Hi, I'm Sai Teja — an AI/ML engineer.
Strategic AI/ML engineer designing end-to-end intelligent systems that transform raw data into autonomous actions — multi-agent AI, RAG pipelines, and production ML infrastructure at scale.
I design and ship automation and intelligent workflows for regulated, high-stakes domains — multi-agent systems, RAG at scale, solid data modeling, and the evaluation and MLOps practices that make models trustworthy in production.
I care most about the unglamorous layer around the model: metrics you can trust, guardrails in sensitive settings, and architecture that still makes sense a year later.

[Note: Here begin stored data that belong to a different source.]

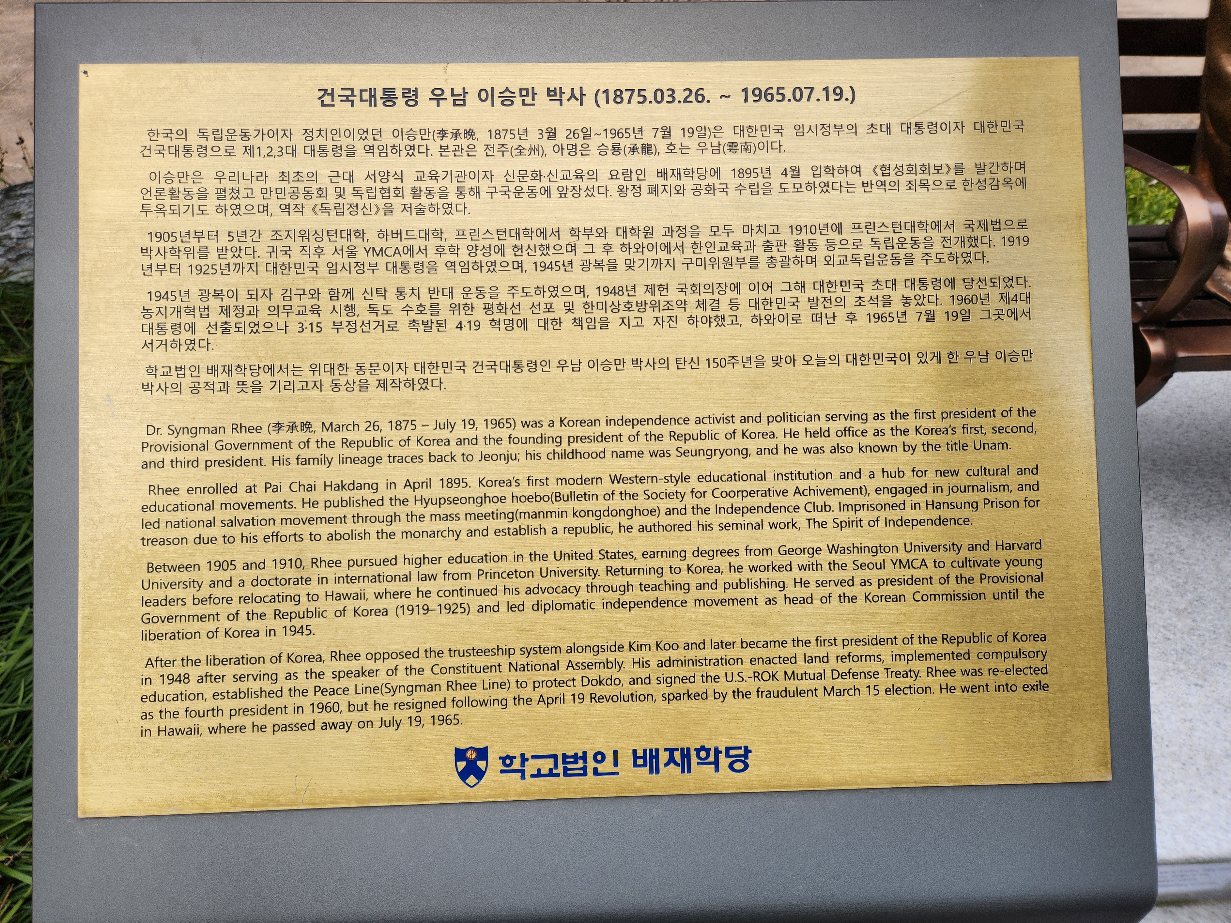 이승만대통령이 수학한 배재학당의 벤치에 동상이 올해에 완성되었다.
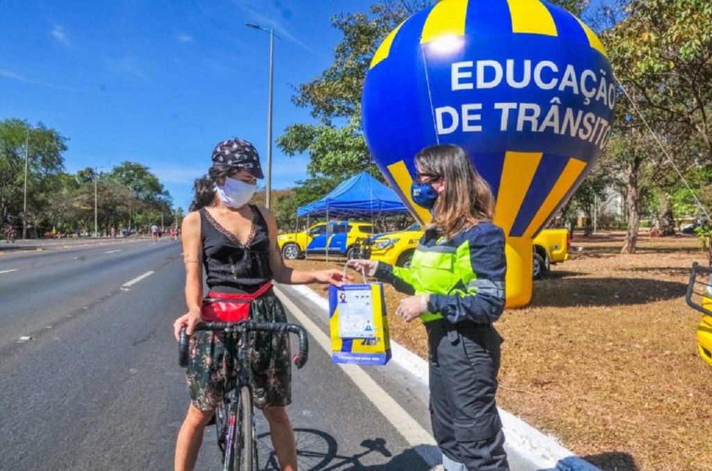 Agentes e analistas do Departamento de Estradas de Rodagem (DER-DF) foram ao Eixão para distribuir material educativo à população. O órgão aproveitou o Eixão do Lazer para falar aos pedestres e ciclistas como eles devem se comportar no trânsito. Os servidores também distribuíram máscaras para a proteção contra o coronavírus, confeccionadas pela Fábrica Social e doadas pela Secretaria de Governo.
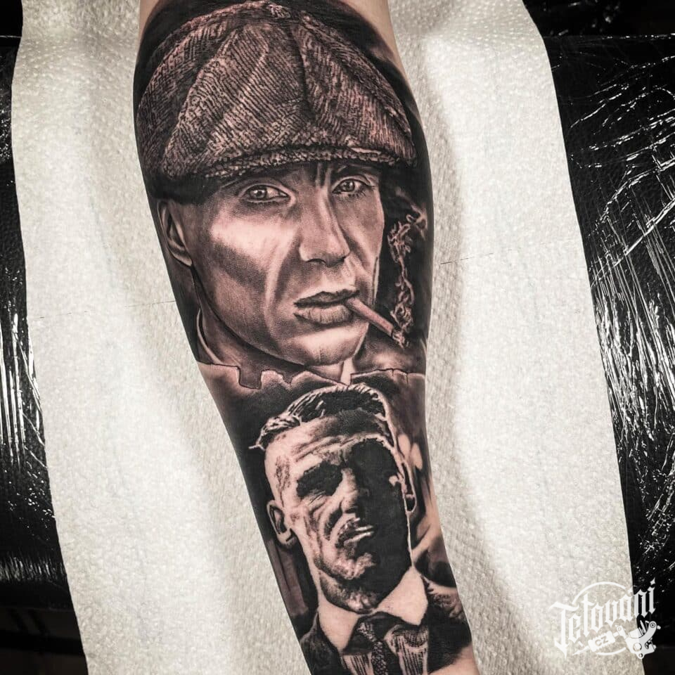 Tetování z filmů a pohádek Peaky Blinders – Thomas Shelby, portrét, osobnost na předloktí
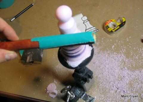 Para el corte de la cintura del Peón - es conveniente una tira de papel de lija a un dowl cinta. Esto hace que una herramienta de buena talla.
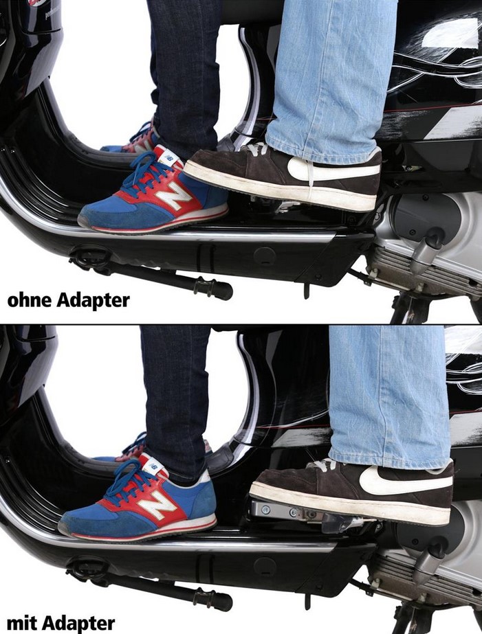 Il posizionamento enormemente sfavorevole delle pedane originali pone solitamente i seguenti problemi: se le gambe sono troppo corte, sono difficili da raggiungere per il passeggero, se le gambe sono troppo lungo, di solito intralciano i conducenti. L'adattatore poggiapiedi per le pedane originali dei modelli Vespa GTS/GTS Super/GTV/GT 60/GT/GT L può aiuto. Questi sono posizionati all'indietro e creano molto più spazio per le gambe per il guidatore e il passeggero anteriore. Grazie alla posizione modificata delle pedane, il passeggero si siede molto più comodamente e rilassato. L'autista ha anche molto più spazio per le gambe. Il comfort di guida è migliorato del 100%. Il montaggio dura circa 10 minuti per lato. Adatto solo con riserva in combinazione con barre di protezione.

When I experiment on my own time, it's often end-to-end language-model work — for example a compact decoder-only LM trained with a frugal, laptop-friendly pipeline.
Grit & adaptability
I trained a 50M-param language model from scratch on a Mac. I question the default that big problems need big budgets.
Evaluation-first
Every LLM feature ships with a Quality Bar — RAGAS, G-Eval, and HITL loops. If we can't measure it, we can't trust it.
Strategic leadership
I guide cross-functional teams through dimensional modeling and model-optimization challenges — clarity beats cleverness.
Clean architecture
Clear boundaries between data, domain, and infrastructure keep AI systems maintainable long after launch.